Insertion of a predetermined time delay in the optical path of one of the channels serves to concentrate RF power of the mixing between the two polarizations of the PDM signal in lower frequencies, for example, in frequencies below approximately 500 MHz or below 1000 MHz. In one embodiment, the time delay inserted into the optical path between channels is at least 3 ns. In another embodiment, the time delay between the first channel and the second channel of the resultant optical PDM signal is at least 1000 ns. The transmitter receives a first data stream (signal A) and a second data stream (Signal B), modulates the first data stream and the second data stream with a carrier thereby forming a first channel and a second channel wherein the polarization of the first channel and the polarization of the second channel are orthogonal. Either the carrier for one of the channels is delayed before modulation or a modulated channel is delayed to form a first delayed channel, and the first delayed channel multiplexed with the second channel by PBC, thereby forming an optical PDM signal. The PDM signal is transmitted across a transmission link (not shown) to an optical PDM receiver.

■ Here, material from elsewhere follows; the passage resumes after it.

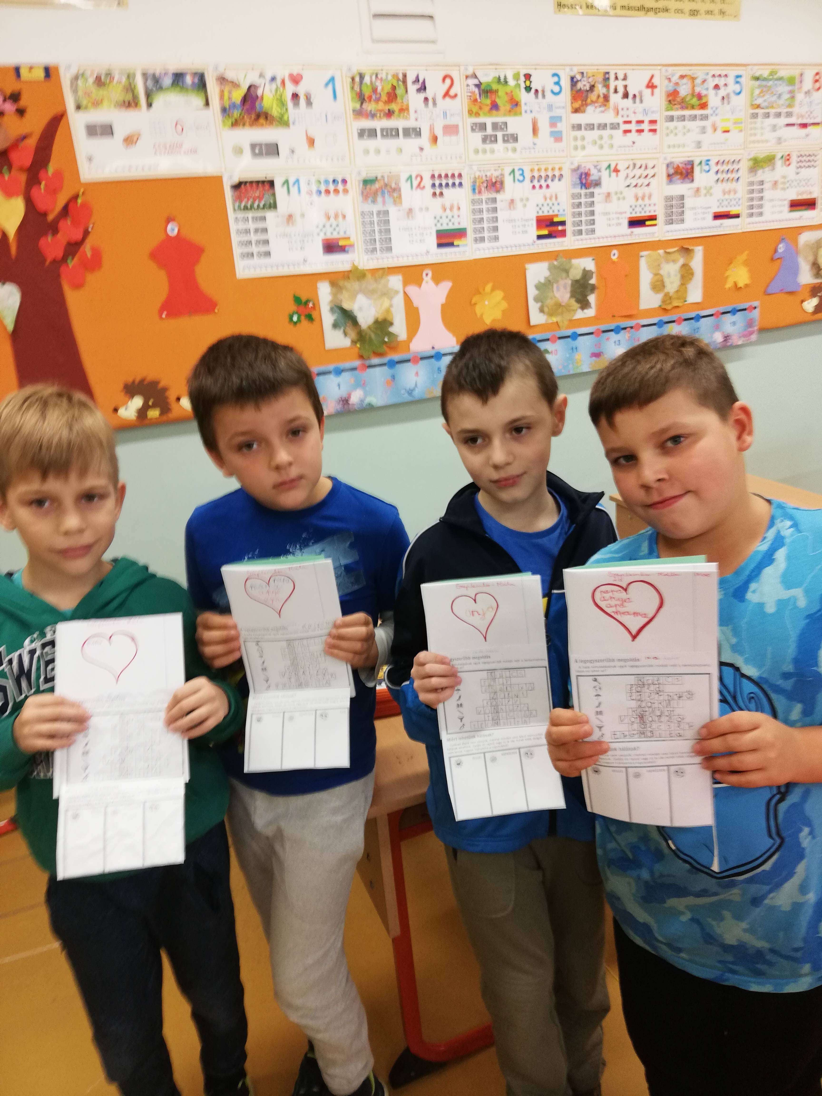 A 2.a osztály 2. csoportjában 4 kis problémás kisfiúval foglalkozom. Ők nehezen kezelhető gyermekek. Amikor első osztályosok voltak, alig lehetett velük szót érteni. Lehet hogy sokan lemondtak róluk, de a iskola vezetői és én közös úton, egy gondolattal azon vagyunk, hogy újabb értelmet nyerjen jövőjük a boldogságórákon.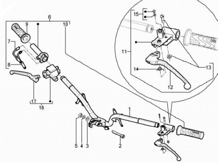 Handlebar -PIAGGIO- Piaggio TPH 125 (LBMM70100), Piaggio TPH 50 (LBMC50100, LBMC50101), Aprilia Sport City One 125 (ZD4SG000, ZD4SG, ZD4SGC00), Aprilia Sport City One 50 (ZD4SB000, ZD4SBA00, ZD4SBC00, ZD4SBE00, ZD4SBB00), Aprilia SR Motard 125 (LBMM70300)

FIG. 2 is an exemplary block diagram of a receiver according to the principles of the invention. FIG. 2 shows one conceptual diagram embodiment of a polarization division multiplexed (PDM) receiver 200. The PDM receiver receives a PDM signal 110 that includes two orthogonal channels A and B with a first channel representing first data stream and second channel representing a second data stream, with a predetermined time delay between the first and second channels. That is; the received optical PDM signal represents two channels with a time delay between the channels representing data streams. The PDM signal is provided to a polarization controller (PC) 210. The PC converts any input state of polarization (SOP) to any selectable output state of polarization, for example, by the application of voltage to independently controlled retardation plates. Typical polarization controller devices use electro-optic materials to enable high-speed, solid-state polarization conversions in a compact package.
The PC is connected to polarization beam splitter (PBS) 220. The PC provides the optical PDM signal to the PBS. The PC is capable of adjusting a SOP of the optical PDM signal stream in response to a control signal. The PC functions to ensure the SOP of the PDM signal is aligned to the PBS as the optical PDM signal is provided to the PBS. PBS 220 demultiplexes the incident PMD signal into two channel beams of differing polarization. A first of the channels is provided to receiver A 231 for decoding of the data stream A. A second of the channels is provided to receiver B 232 for decoding of data stream B. The receivers are adapted to decode the received channels in order to recover a corresponding data stream.
Coupler 240 delivers one of the channels to processing block 250 for generation of a feedback signal to control the PBS, thus providing automatic polarization demultiplexing for the PDM signal in the optical domain. The processing block provides the PC with a control signal based on the coupled PDM signal from one port of the PBS for adjusting the state of polarization of the optical PDM signal. The control signal that is provided by the processing block corresponds to a power level of the low frequency portion of the one of the first channel and the second channel.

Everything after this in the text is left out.